Çin kamuoyu da Trump ve Biden arasında bölünmüş durumda. Trump zamanında ilişkilerin kötüye gitmesinden dolayı negatif bir eğilim söz konusu ama aynı zamanda Çinlilerin güçlü, karizmatik lider sevdikleri de bir gerçek. Örneğin Çin’de Putin çok popülerdir. Bu yüzden Trump sert çıkışları, içeriğiyle değil ama tarzıyla beğeniliyor. Bir grup milliyetçi de, -eğer Trump iddia ettiği gibi seçim sonuçlarını kabul etmezse- ABD’de oluşacak kriz ortamından istifa ederek, "Çin Tayvan’ı (yeniden) topraklarına katmalı" diyor. Ama Çin kamuoyunun esas gözlemlediği seçimli bir rejimin nasıl olduğu, bütün tartışmalar "seçimli bir sistem daha kurumsal ve istikrarlı mıdır" sorusuna bağlanıyor. Kamuoyu tavrı anlamında bir diğer ilginç konu da, Amerika’daki Çin diasporası içinde Cumhuriyetçilerin ağırlığı. Seçim yoklamalarında tüm Asya diasporaları arasında neredeyse bir tek Çinliler arasında Cumhuriyetçiler Demokratları geçiyor. “Trump için Çinliler” kampanyasına ironik olarak, Çin’den kaçıp ABD’ye iltica etmiş liberal muhalifler liderlik ediyor.
SEÇİM SONUÇLARINA GÖRE SENARYOLAR
Trump yeniden kazanırsa, Çin’le ilişkilerin kötüleşeceği ve beklenmedik iniş çıkışlar olacağı kesin. Örneğin, ticaret savaşlarının bu kadar uzamasının sorumlusu ABD. Eğer Biden seçilirse, ticaret savaşında normalleşme bekleyebiliriz. Ama gerek teknoloji hırsızlığı, gerek Xinjiang gibi konularda Biden da Çin’e baskı uygulayacak gibi görünüyor. Gerçi, Obama dönemi de Çin açısından toz pembe bir dönem değildi. Çin’in Asya’daki hareket alanını kısıtlamak için Asya Pivotu politikasını başlattı. Çok da başarılı olmadı ama Trump’ın Hint-Pasifik politikasının öncülü sayılır. Ama, Çin’in Biden’dan beklediği, en azından, ‘makul’ bir düşman.
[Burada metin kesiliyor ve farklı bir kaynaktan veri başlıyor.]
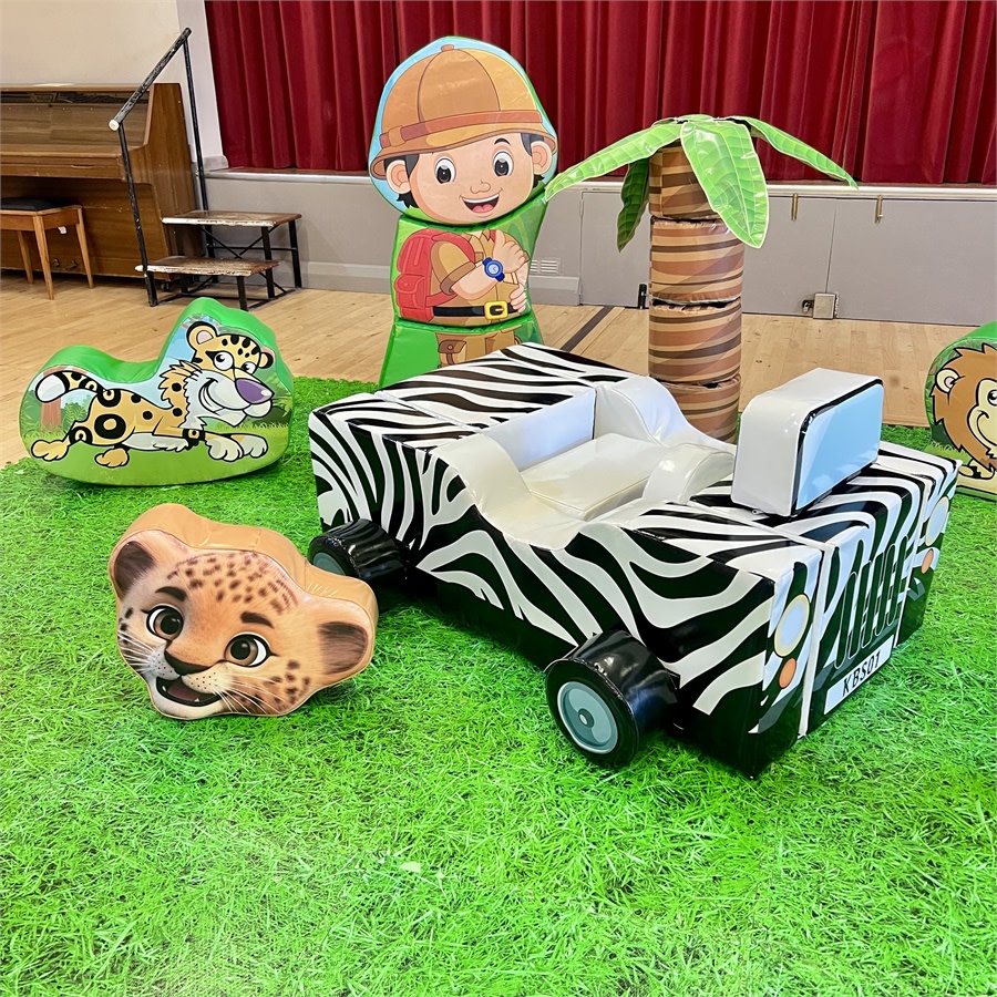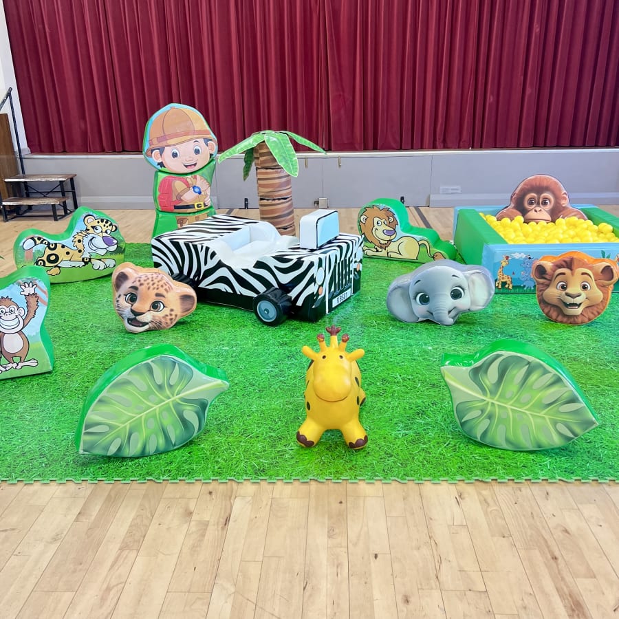 The Jungle Soft Play and Ball Pit package brings a Jungle themed play zone to your party. This set features soft play palm trees, grass effect matting, giraffe hoppers and a jungle ball pit to help spark the children's imagination.

Öte yandan, Çin’in uluslararası örgütlerdeki etkinliği Trump devam ederse artmaya devam eder. Biden’sa ABD’yi yeniden uluslararası sistemin yapıcı bir parçası haline getirecektir. Yani, Çin için ideal bir aday yok. Trump kazanırsa ikili ilişkiler kötüleşmeye devam edecek ama Çin, ABD küresel siyasetten çekildikçe uluslararası örgütleri kendi istediği gibi biçimlendirme konusunda rahat edecek. Eğer Biden kazanırsa, ikili ilişkiler ve ticaret savaşları ve Tayvan gibi konularda normalleşme yaşanacak ama Çin’in bölünmüşlüğünden faydalandığı Batı bloku yeniden konsolidasyon sürecine girecek.
Örneğin, Türkiye de son zamanlarda Çin-ABD çekişmesininden faydalanıyor. Bir yandan Erdoğan-Trump ikili ilişkileri liderlik düzeyinde iyi giderken, örneğin yolsuzluk davalarında köşeye sıkışınca ilişkiler bozuluyor. O durumda da, hükümet yüzünü Çin’e dönüyor. Kuşak ve Yol Girişimi’nin bir parçası olma çabaları devam ediyor. Ama örneğin, son zamanlarda aldığı finansal yardımlar biraz da bu güç boşluğunun bir ürünü. Biden’ın gelmesi hem bu güç boşluğunun doldurulması hem de Türkiye’ye karşı kendi içinde tutarlı bir politika izlenmesi anlamına gelirse, Türkiye’nin Çin’le yakınlaşması devam edebilir.